Me quedó el tiempo justo de apartar el carro a un lado para dejar pasar a los soldados; detrás de ellos venía una carreta descubierta. Encima vi tres cadáveres; sus heridas abiertas y la sangre que cubría sus pálidos rostros pregonaban que habían sido muertos a golpes, ¡pero lo que más me asustó fue la figura del preso, cuyos ojos de mirada punzante se fijaron en mí, al pasar delante, como si yo fuese el mismísimo diablo!
Yo conocía esos ojos y recordé que pertenecían a un estudiante que había sido compañero mío en París. Un muchacho callado, siempre algo misterioso, que se apartaba de los demás cuando nos proponíamos no perdernos ni una de las diversiones que ofrecía la vida en la capital. Aquel joven canónigo aprendió mejor y con más rapidez que todos nosotros a hablar el árabe. Seguía llevando la misma sotana gastada de la que, por lo que yo recuerdo, no se separaba nunca. ¡Dios nos asista!
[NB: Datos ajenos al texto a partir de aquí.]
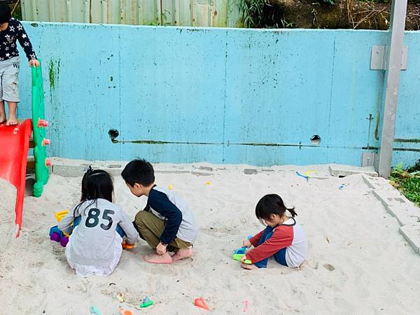 這裡很適合親子露營,釣魚池、沙坑、溜滑梯、超大戲水池之外,營區還有養小羊。大家在山林裡吃飯聊天真的很愜意,沒有喇叭聲、沒有車水馬龍,眼睛放空看大景,腦袋也跟著放空了,看著孩子們在大自然裡野放也覺得很開心。一下山,兒子就問我:媽媽,我們下次什麼時候可以再露營?

Tracé rápidamente el signo de la cruz cuando la comitiva fantasmal hubo pasado y desaparecido como si se la hubiese tragado la niebla. Las manos de los faidits soltaron las empuñaduras de las armas que antes habían agarrado con fuerza. El joven preso iba cargado de cadenas, ¡por tanto, él debía ser el asesino! ¡Hasta ahí podía llegar un servidor de la Iglesia!